BRIEF:
Would you print the data below exactly, leaving out every picture?

DATA EXCERPT:
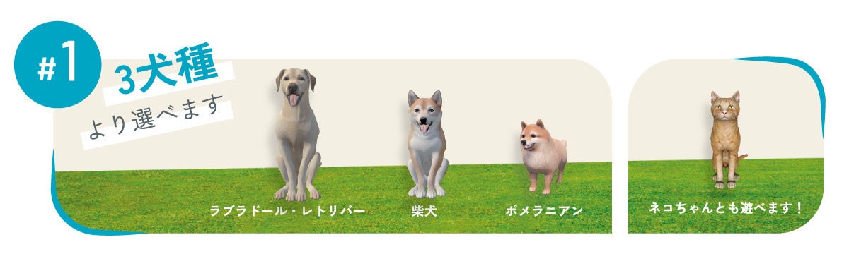 2.ワンちゃんは3犬種より選択可能、ネコちゃんとも遊べます
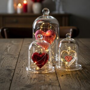 Glass cloches are a chic way to display small Valentine’s accents like tiny heart ornaments, fairy lights, or chocolate truffles.
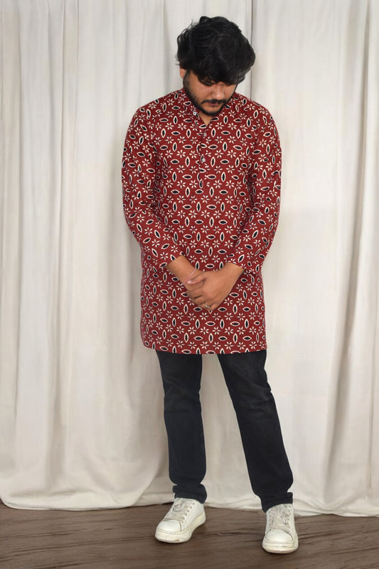 Rangrez tricona Hand Block Cotton kurta for men

ANSWER TO THE PROBLEM:
 2.ワンちゃんは3犬種より選択可能、ネコちゃんとも遊べます
 Glass cloches are a chic way to display small Valentine’s accents like tiny heart ornaments, fairy lights, or chocolate truffles.
 Rangrez tricona Hand Block Cotton kurta for men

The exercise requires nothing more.